Not Just Your Customer: Know Your Employee

Bank Fraud…The phrase conjures up visions of shady characters and desperate situations that are dramatically depicted on the movie screen. If life were as predictable as it is in the movies, we would be able to recognize criminal activity as soon as it starts and bring it to a screeching halt. But we all know that's not the case.

The sad truth is that a large percentage of fraud is committed by individuals that we would not suspect—the long-term, experienced company officer that everyone gets along with, the bookkeeper who has spent his or her entire professional life with the organization, or the new hot-shot programmer who has an answer for everything. Almost anyone, depending on the circumstances, is capable of committing fraud.

Bank fraud is not something that happens only in foreign countries or large domestic banks. All institutions, regardless of location and asset size, could become victims of bank fraud if their internal controls are not strong. In addition, since internal controls can be overridden by management and, even in some cases, employees, the internal controls are only as strong as the underlying ethical culture.

A Case Study
In the early 1990s, a de novo Third District community bank was the target of a fraud that was so extensive and pervasive that it eventually resulted in the closing of the bank. In this situation, one of the main participants was a seasoned, well-respected bank officer—the bank's President—who no one would have expected to be involved.

This small community organization was, for the most part, "invaded" by a shady borrower from out of the bank's normal market area. This borrower was able to present a steady and copious stream of fraudulent documents to support an extensive volume of borrowings that were never to be repaid. The fraud was aided, perhaps unintentionally at first, by the well-respected President who did not verify the legitimacy of the documents presented and who, at the end of the scheme, hid information from the bank's directors.

The fraud began slowly with two or three sizeable loans to the out-of-market borrower and two of his companies.
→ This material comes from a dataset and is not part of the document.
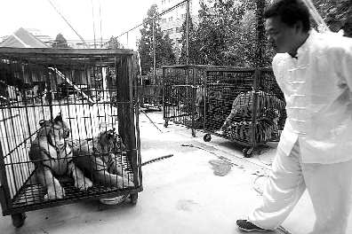 21日,在汇泉广场,工作人员正在为马戏表演做准备,老虎明星也已经做好了上场的准备o据介绍,青岛首届国际马戏文化节将于9月21日晚7时在汇泉广场拉开帷幕,表演的有老虎、狮子和马等动物o本报记者杨宁 摄影报道

The borrower's financial information appeared to show a stable, well-to-do individual who owned various real estate properties and a few profitable businesses. In the economy of the late 1980s and early 1990s, these "high quality" loans were a windfall for the President of this de novo bank, who jumped at the opportunity to make the loans. The President did check the legitimacy of the companies at first, but not the validity of the financial information. He also relied on associates of the borrower to verify real estate lien positions instead of contacting an independent organization.

As time went on, additional companies affiliated with the borrower began to emerge, other family members were introduced, and there were more and more borrowings. Before the President knew it, the bank's exposure to the borrower, his companies, and his family exceeded the bank's capital. Not knowing how to extricate the bank from the relationship and perhaps to save face with his Board of Directors, the President began hiding additional borrowings from the Board of Directors and started soliciting Loan Committee approvals over the telephone.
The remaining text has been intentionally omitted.